1) Synthesis of intermediate 2,5-dichloro-2,5-dimethylhexane (2)

  2,5-Dimethyl-2,5-hexanediol (26 g, 175 mmol) was dissolved in concentrated hydrochloric acid (350 mL) and then vigorously stirred at room temperature for 15 minutes. The resulting precipitate was collected by filtration and then redissolved in dichloromethane (300 mL. The organic layer was washed with water (200 mL × 2) and dried over anhydrous magnesium sulfate. After evaporation of the solvent under reduced pressure, white crystals Intermediate 2 (29 g, 90%) was obtained.

2) Synthesis of intermediate 1,1,4,4,6-Pentamethyl-1,2,3,4-tetrahydro-naphthalene (3)

  Intermediate 2 (18 g, 100 mmol) was dissolved in anhydrous toluene (15 mL), aluminum chloride (1.3 g, 10 mmol) was added, and the mixture was stirred for 3 hours at room temperature. After confirming the completion of the reaction with a TLC plate (n-hexane), the reaction mixture was poured into water (60 mL) and extracted with ethyl acetate (50 mL × 2). The organic layer was washed with water (70 mL × 2) and saturated brine (50 mL), and then dried over anhydrous magnesium sulfate. After the solvent was distilled off under reduced pressure, a colorless oil intermediate (18 g, 88%) was obtained by distillation under reduced pressure (133 ° C., 20 mmHg).

¹ H NMR (300 MHz, CDCl ₃ ) δ: 7.20 (d, 1H, J = 8.0 Hz), 7.11 (d, 1H, J = 2.0 Hz), 6.95 (dd, 1H, J = 8.0, 2.0 Hz), 2.30 (s, 3H), 1.67 (s, 4H), 1.27 (s, 6H), 1.26 (s, 6H).

3) Synthesis of intermediate 1,1,4,4,6-Pentamethyl-7-nitro-1,2,3,4-tetrahydro-naphthalene (4)
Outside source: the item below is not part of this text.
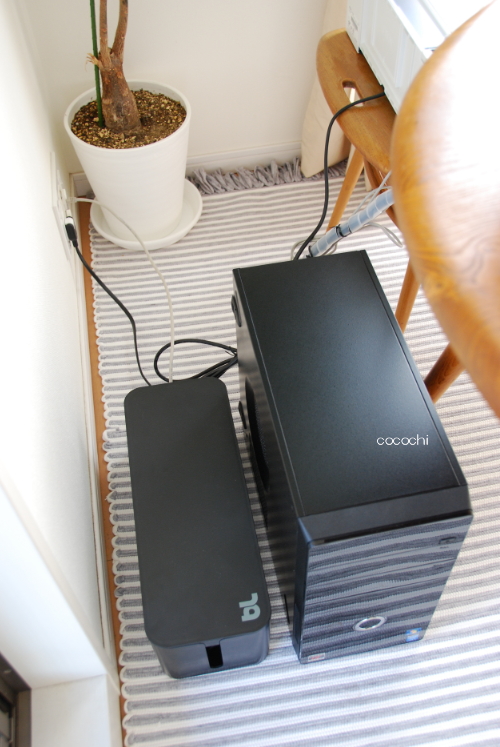 さっそく、ケーブル類をボックスに入れ、PC 本体と壁の間に設置しました。

  Intermediate 3 (4.1 g, 20 mmol) was dissolved in acetic anhydride (20 mL) and added dropwise to concentrated nitric acid (22 mL) while maintaining at −15 ° C. After confirming the completion of the reaction with a TLC plate (n-hexane), the mixture was poured into ice water (100 mL), 2N aqueous sodium hydroxide solution (100 mL) was added, and the mixture was extracted with ethyl acetate (100 mL × 2). The organic layer was washed with water (100 mL × 2) and saturated brine (100 mL), and then dried over anhydrous magnesium sulfate. After distilling off the solvent under reduced pressure, recrystallization was performed with ethyl acetate / n-hexane to obtain an intermediate (2.3 g, 46%) of pale yellow plate crystals.

¹ H NMR (300 MHz, CDCl ₃ ) δ: 7.96 (s, 1H), 7.21 (s, 1H), 2.56 (s, 3H), 1.70 (s, 4H), 1.30 (s, 6H), 1.29 (s , 6H).
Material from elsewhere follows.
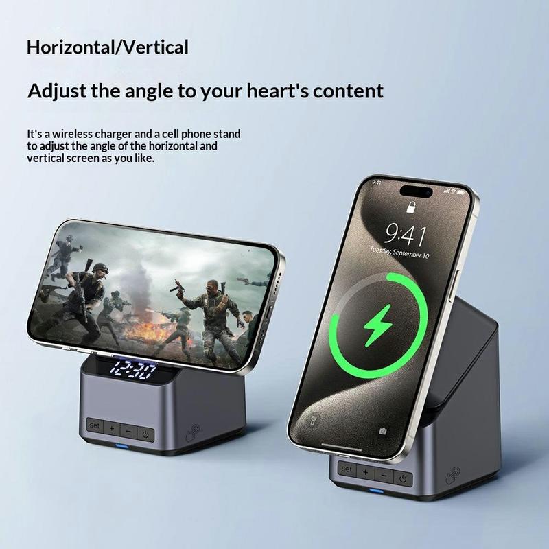 Păstrează-ți biroul ordonat și dispozitivele esențiale încărcate cu suportul de încărcare wireless 3-în-1 X11 Qi2 de 15W. Această stație de încărcare practică este concepută pentru confortul de zi cu zi, combinând încărcarea wireless pentru telefon, ceasul inteligent și căștile cu un ceas digital cu LED încorporat într-o singură unitate compactă de birou.

4) Synthesis of intermediate 3,5,5,8,8-Pentamethyl-5,6,7,8-tetrahydro-naphthalen-2-ylamine (5)

  Intermediate 4 (500 mg, 2.0 mmol) was dissolved in ethyl acetate (6.0 mL), 10% palladium activated carbon (catalytic amount) was added, and the mixture was stirred at room temperature under a hydrogen atmosphere for 3 hr. After confirming the completion of the reaction with a TLC plate (n-hexane), celite filtration was performed. The solvent was distilled off under reduced pressure to obtain an intermediate (410 mg, 95%) of white crystals.
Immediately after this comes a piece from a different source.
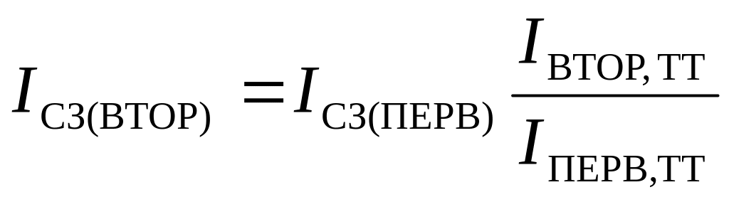 Если параметры срабатывания выставляются во вторичных величинах, то пересчет минимального тока осуществляется по следующему выражению:

¹ H NMR (500 MHz, CDCl3) δ: 7.04 (s, 1H), 6.96 (s, 1H), 2.29 (s, 3H), 1.65 (s, 4H), 1.25 (s, 6H), 1.24 (s, 6H).

  The scheme of the production method until obtaining the intermediate 8 in this example is shown in FIG.

5) Synthesis of intermediate 4-Iodo-benzoic acid methyl ester (7)

  4-Iodobenzoic acid (6) (5.0 g, 20 mmol) was dissolved in anhydrous methanol, thionyl chloride (2.6 mL, 30 mmol) was added under ice cooling, and the mixture was heated to reflux for 1 hour. After confirming the completion of the reaction with a TLC plate (ethyl acetate: n-hexane = 1: 2), the solvent was distilled off under reduced pressure. The residue was poured into water (100 mL) and extracted with ethyl acetate (50 mL × 3). The organic layer was washed with water (50 mL) and saturated brine (50 mL), and dried over anhydrous magnesium sulfate. After distilling off the solvent under reduced pressure, an intermediate (4.8 g, 91%) of colorless crystals was obtained.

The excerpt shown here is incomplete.